I could have shot them without speaking but their lives was no good to me. McIntyre jumped on Kennedys horse and I allowed him to go as I did not like to shoot him after he surrendered or I would have shot him as he was between me and Kennedy therefore I could not shoot Kennedy without shooting him first. Kennedy kept firing from behind the tree my brother Dan advanced and Kennedy ran I followed him he stopped behind another tree and fired again.

I shot him in the arm pit and he dropped his revolver and ran I fired again with the gun as he slewed around to surrender I did not know he had dropped his revolver. the bullet passed through the right side of his chest & he could not live or I would have let him go had they been my own brother I could not help shooting there or else let them shoot me which they would have done had their bullets been directed as they intended them. But as for handcuffing Kennedy to a tree or cutting his ear off or brutally treating any of them, is a falsehood, if Kennedys ear was cut off it was not done by me and none of my mates was near him after he was shot I put his cloak over him and left him as well as I could and were they my own brothers I could not have been more sorry for them this cannot be called wilful murder for I was compelled to shoot them, or lie down and let them shoot me it would not be wilful murder if they packed our remains in, shattered into a mass of animated gore to Mansfield, they would have got great praise and credit as well as promotion but I am reconed a horrid brute because I had not been cowardly enough to lie down for them under such trying circumstances and insults to my people certainly their wives and children are to be pitied but they must remember those men came into the bush with the intention of scattering pieces of me and my brother all over the bush and yet they know and acknowledge I have been wronged and my mother and four or five men lagged innocent and is my brothers and sisters and my mother not to be pitied also who has no alternative only to put up with the brutal and cowardly conduct of a parcel of big ugly fat-necked wombat headed big bellied magpie legged narrow hipped splaw-footed sons of Irish Bailiffs or english landlords which is better known as Officers of Justice or Victorian Police who some calls honest gentlemen but I would like to know what business an honest man would have in the Police as it is an old saying It takes a rogue to catch a rogue and a man that knows nothing about roguery would never enter the force an take an oath to arrest brother sister father or mother if required and to have a case and conviction if possible.

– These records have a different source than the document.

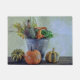 a photo of a fall harvest scene with various Halloween decorations. It shows a wooden table with a white tablecloth, on which there are several pumpkins, gourds, corn cobs, candles, and a lantern. Behind the table, there is a wooden fence with some dried leaves and vines. The background is blurred, but it seems to be a rural landscape with some trees and fields. The photo has a warm and cozy atmosphere, with orange and yellow tones dominating the colour scheme
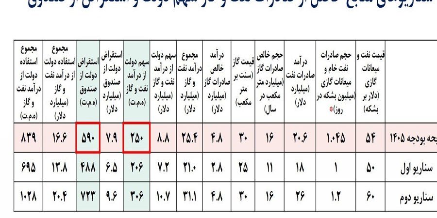 بر اساس جداول بودجه، سهم دولت از فروش نفت که به خزانه واریز میشود، 264 هزار میلیارد تومان در نظر گرفته شده است. با این حال، در بخش تأمین مالی و استقراض، رقمی معادل 590 هزار میلیارد تومان برداشت یا استقراض از صندوق توسعه ملی پیشبینی شده که بخش عمده آن به منابع نفتی وابسته است.
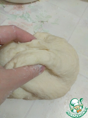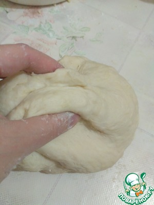 Далее насыпаете постепенно 500 гр муки и вымешиваете ложкой. Как только стало тяжело мешать ложкой, добавляете масло и вымешиваете руками. Тесто не будет прилипать к рукам, присыпать мукой не нужно.
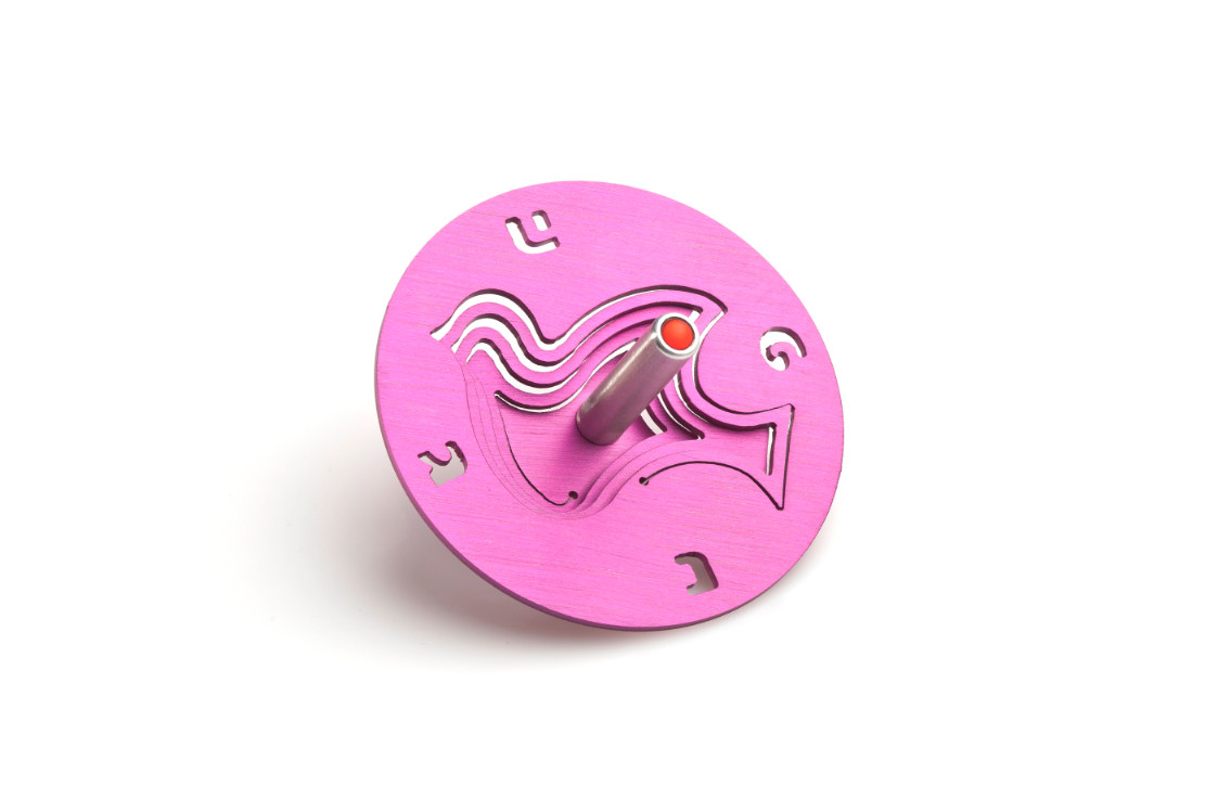 ALUMINIUM PINK DOVE DREIDLE ON STAND
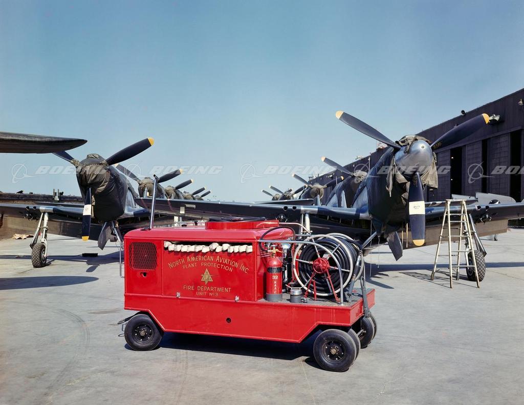 Fire Trailer in Front of P-51 Mustangs on Flight Apron
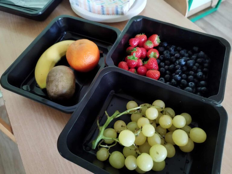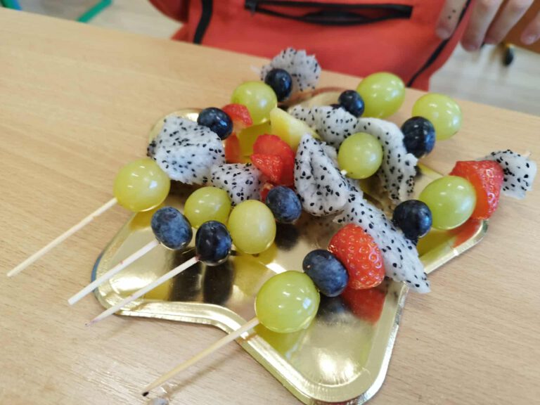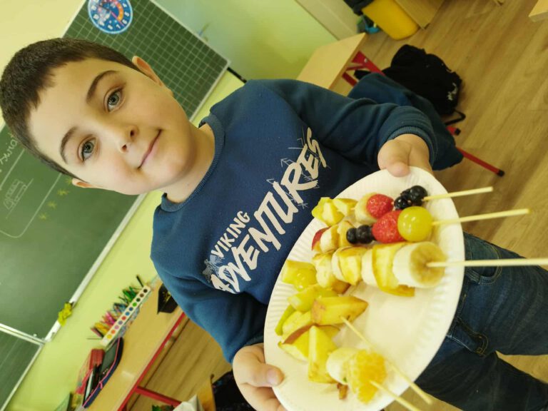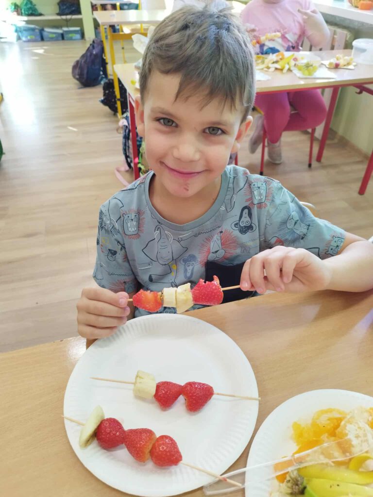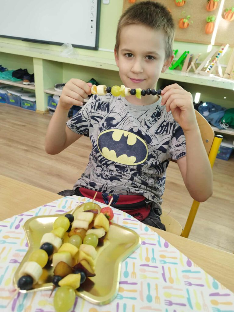 W piątek, 7 listopada 2025 roku, uczniowie klasy 2d obchodzili Dzień Zdrowego Jedzenia i Gotowania. Dzieci samodzielnie przygotowały pyszne, kolorowe owocowe szaszłyki, które ze smakiem zjadły. Podczas zajęć poznały również właściwości zdrowotne owoców oraz dowiedziały się, do jakich potraw można je wykorzystać. Było zdrowo, kolorowo i bardzo smacznie!
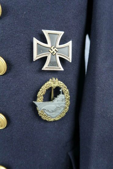 Arguably one of my favorite pieces in my collection is this stunner of a reefer jacket. I found it exceedingly difficult to not only find an original line officer but also with loops for a Spain/German cross. The loops under the EK_1 area are so small that only a U-Boat badge can fit there and that makes it all that much better for me.
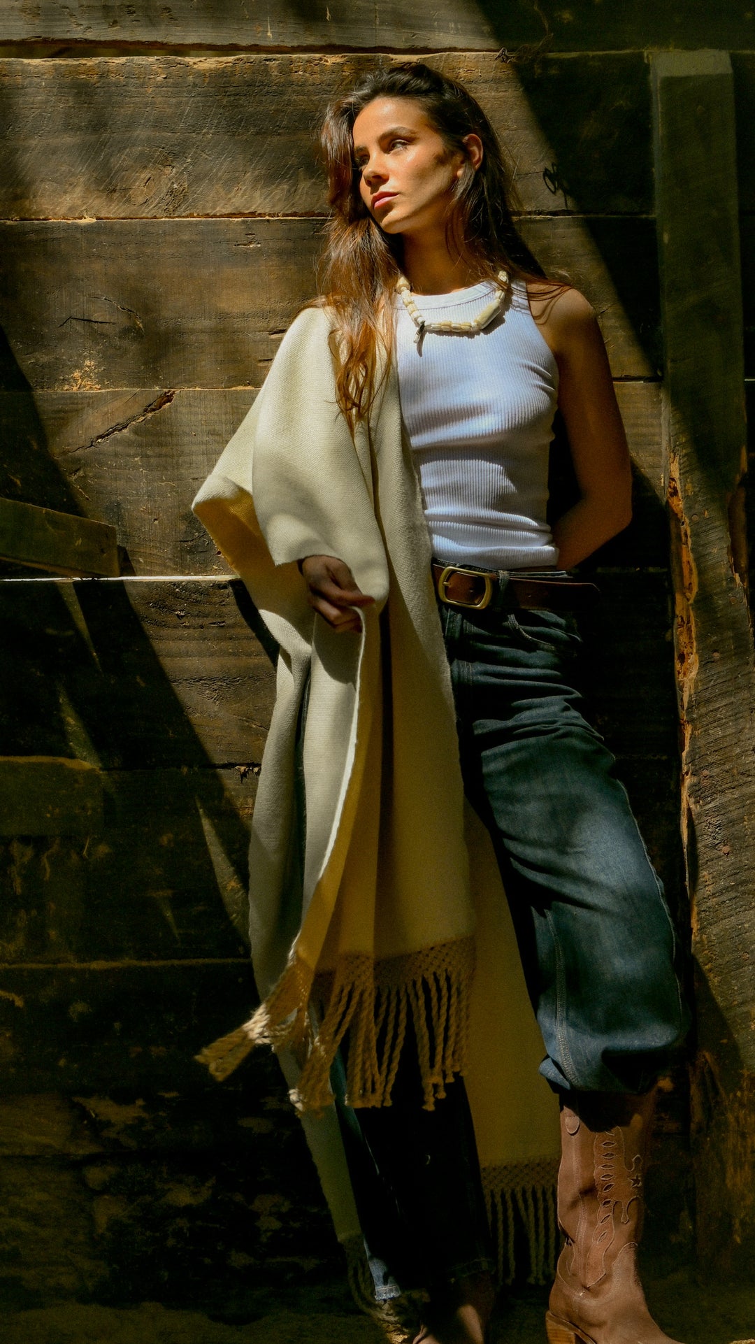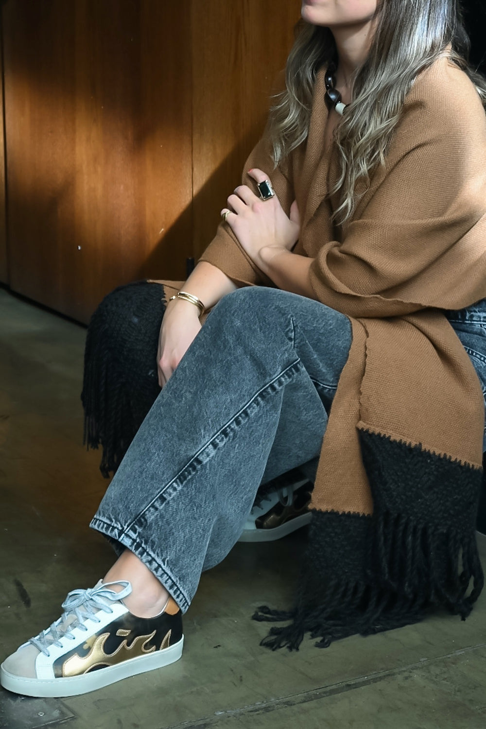 Tapado Alpaca Camel Negro Macramé

Any man knows it is possible to swear a lie and if a policeman looses a conviction for the sake of swearing a lie he has broke his oath therefore he is a perjurer either ways. A Policeman is a disgrace to his country, not alone to the mother that suckled him, in the first place he is a rogue in his heart but too cowardly to follow it up without having the force to disguise it. next he is traitor to his country ancestors and religion as they were all catholics before the Saxons and Cranmore yoke held sway since then they were perse cuted massacreed thrown into martrydom and tortured beyond the ideas of the present generation What would people say if they saw a strapping big lump of an Irishman shepherding sheep for fifteen bob a week or tailing turkeys in Tallarook ranges for a smile from Julia or even begging his tucker, they would say he ought to be ashamed of himself and tar-and-feather him.

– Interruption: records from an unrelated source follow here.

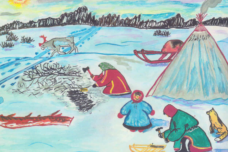 Les gens peuvent aller pêcher, s'asseoir au coin du feu, garder des rennes. Ils portent des vêtements nationaux spécifiques, une malitsa, c'est-à-dire un long manteau garni de fourrure, des ornements et des bottes hautes aux pieds.
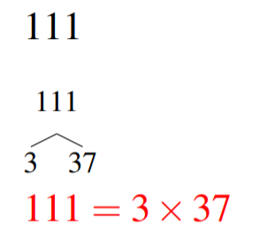 L'arbre des facteurs de 111 se compose 3 et 37 (tous deux des nombres premiers, tu ne peux pas plus les décomposer)
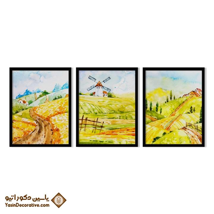 تابلو دکوراتیو طرح نقاشی آبرنگ منظره روستایی
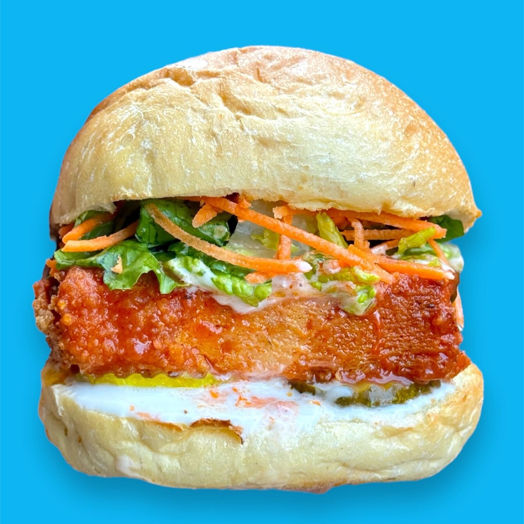 House made fried tofu chik'n, tricolor slaw, pickled onions, buffalo sauce, and house made ranch on a roll.
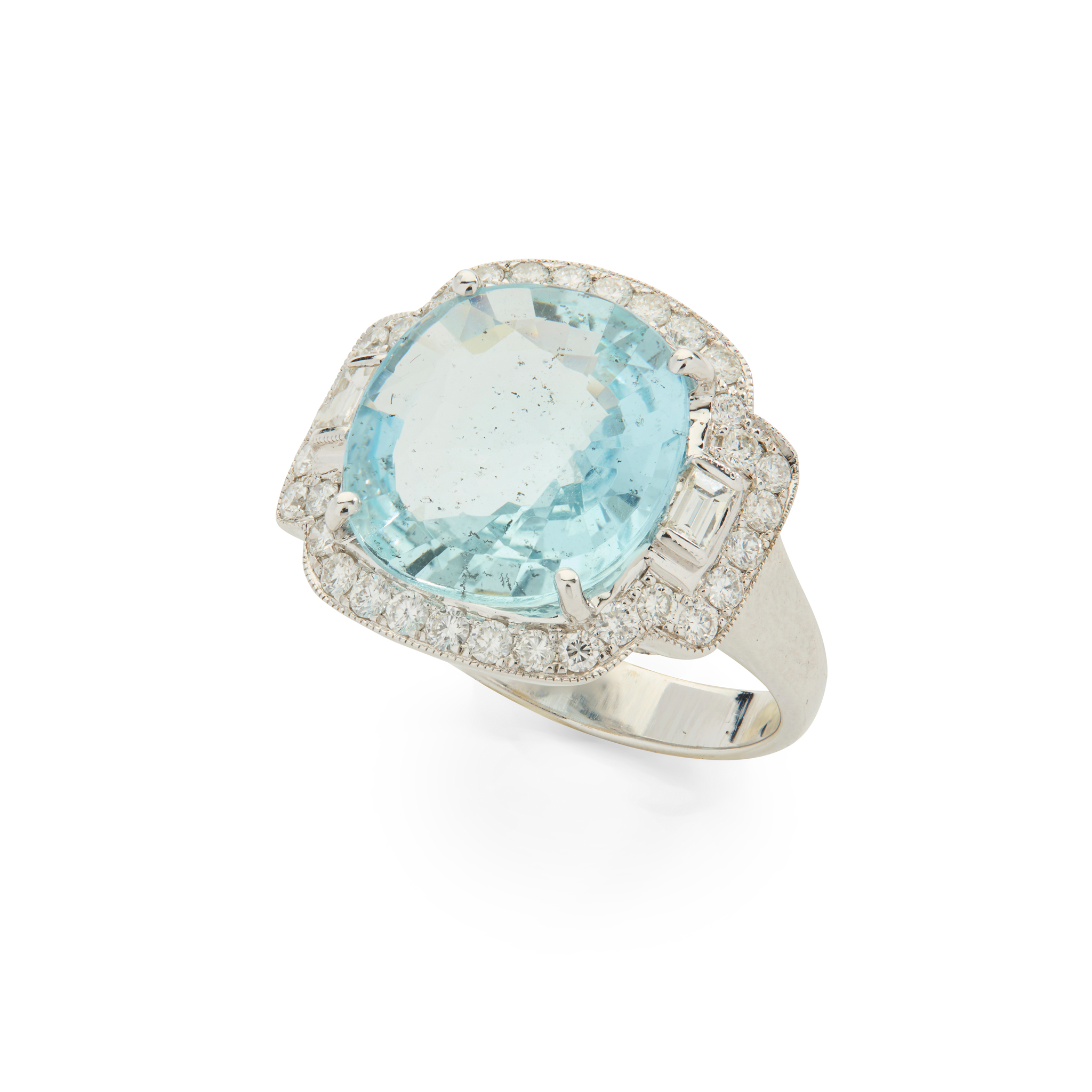 Claw-set with a large cushion-cut aquamarine, set to either side with a baguette-cut diamond, within a border of round brilliant-cut diamonds, stamped 750
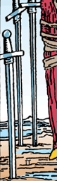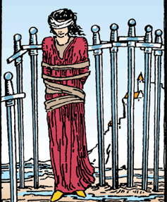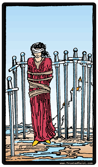 اما پیام اصلی این کارت این است که این شرایط را خودتان با افکار منفی و ترسهای فلجکنندهای که اجازه دادهاید بر شما مسلط شوند، ایجاد کردهاید. اگرچه شمشیرها شما را احاطه کردهاند، اما همیشه این امکان وجود دارد که چشمبند را بردارید و راه فراری بیابید. این کارت همچنین میتواند نشاندهنده پیامدهای منفی، قضاوت یا حتی مجازات مانند محاکمه، زندان یا سایر گزینه های تنبیهی باشد.

But he would be a king to a policeman who for a lazy loafing cowardly bilit left the ash corner deserted the shamrock, the emblem of true wit and beauty to serve under a flag and nation that has destroyed massacreed and murdered their fore-fathers by the greatest of torture as rolling them down hill in spiked barrels pulling their toe and finger nails and on the wheel. and every torture imaginable more was transported to Van Diemand’s Land to pine their young lives away in starvation and misery among tyrants worse than the promised hell itself all of true blood bone and beauty, that was not murdered on their own soil, or had fled to America or other countries to bloom again another day, were doomed to Port Mcquarie Toweringabbie norfolk island and Emu plains and in those places of tyrany and condemnation many a blooming Irishman rather than subdue to the Saxon yoke Were flogged to death and bravely died in servile chains but true to the shamrock and a credit to Paddys land What would people say if I became a policeman and took an oath to arrest my brothers and sisters & relations and convict them by fair or foul means after the conviction of my mother and the persecutions and insults offered to myself and people Would they say I was a decent gentleman, and yet a police-man is still in worse and guilty of meaner actions than that The Queen must surely be proud of such herioc men as the Police and Irish soldiers as It takes eight or eleven of the biggest mud crushers in Melbourne to take one poor little half starved larrakin to a watch house.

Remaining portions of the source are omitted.